2. The single most important factor in the success of any intervention is the quality of the relationship between a professional and a family. In other words, if a family doesn’t trust and respect a professional, they will never listen to them nor change their behaviours in response to professional input.

The Troubled Families programme draws heavily upon both of these insights. By assigning a key worker to each family to work with parents intensively over a significant period of time, the programme seeks to build adult capability through developing trusted relationships. The value of this way of working becomes clear when you listen to the stories of individual families whose lives have been improved (if not yet ‘turned around’) by the dedication and commitment of practitioners all over the country.

3. The resilience of the community as a whole matters.
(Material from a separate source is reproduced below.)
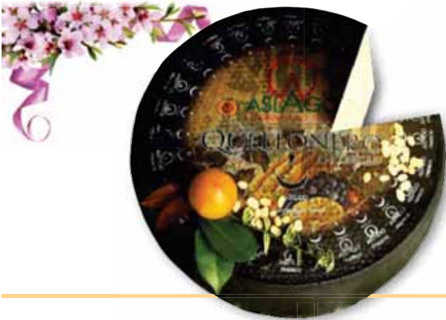
Asiago nero DOP TONIOLO CASEARIA

In offerta solo nei punti vendita con banco salumi e formaggi

Adult capability exists as part of a system, in which the quality of relationships within the wider community is absolutely essential. For the effects of an intervention to be genuinely sustainable, it must recognise that, in its absence, caregivers will rely upon each other, their extended family and community networks of support.
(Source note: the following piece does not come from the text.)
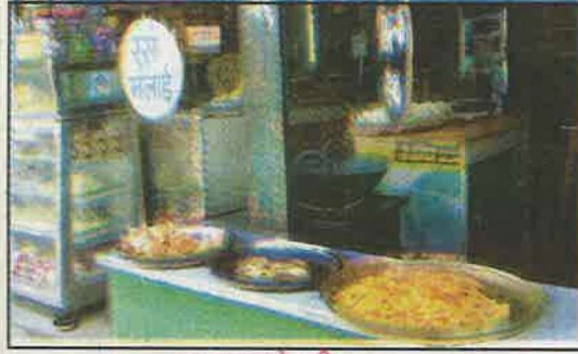
चाय, नास्ते की दुकान

आपने समाज में मौजूद अनेक तरह की विविधताओं के विषय में जाना। भारत गाँवों का देश है। यहाँ लगभग छः लाख से भी अधिक गाँव हैं। यदि आप अपने आस-पड़ोस पर नजर डालें तो पायेंगे कि लोगों के जीवन-यापन संबंधी कार्यों में भिन्नता पाई जाती है। इस पाठ में हम देखेंगे कि लोगों के पास जीवन-यापन के समान अवसर है या नहीं। साथ ही यह भी जानेंगे कि ग्रामीण जीवन-यापन की स्थितियाँ एक-दूसरे से कितनी मिलती हैं या अलग हैं? उन्हें किन-किन समस्याओं का सामना करना पड़ता है?

Our own work, especially the Thriving Communities programme with Derbyshire County Council over the past four years, has deepened our understanding of this point..

Through spending time and working alongside local families to understand their needs and aspirations, we know that just below the Troubled Families thresholds are a large number of families who are just about coping under huge pressure. These are families with extraordinary resilience and willpower, and clear aspirations for themselves and their children. The pressures exerted on them on a daily basis prevent them from thriving, but they have emotional and practical support networks that stop them falling into crisis.

These families are, as the Prime Minister puts it, “just managing”, because their supportive, extended relationships hold them together. But they are stuck — caught in stasis, unable to progress.

While the Troubled Families programme targets individuals and families, Thriving Communities aims to build the capacity of the whole community, strengthening networks where they exist and creating them where they don’t — over time building sustainable support structures that will enable all families to thrive, not merely survive.

The real risk over the next five years is that a deteriorating economy and continued austerity will lead to many more families falling into the ‘just coping’ category, and more of them tipping into the Troubled Families cohort. Families who currently act as points of support for many others will no longer be able to do so, putting more pressure on services and the wider system as a whole.

Family policy should do more than just act as a safety net to avoid crisis. It should work with families to identify their hopes, goals and aspirations, and help create the stability and security that will help them to get there. Our evidence points to the need for and potential impact of place-based and whole-systems approaches, which would replace the Troubled Families programme with a strategy to create thriving families and thriving communities.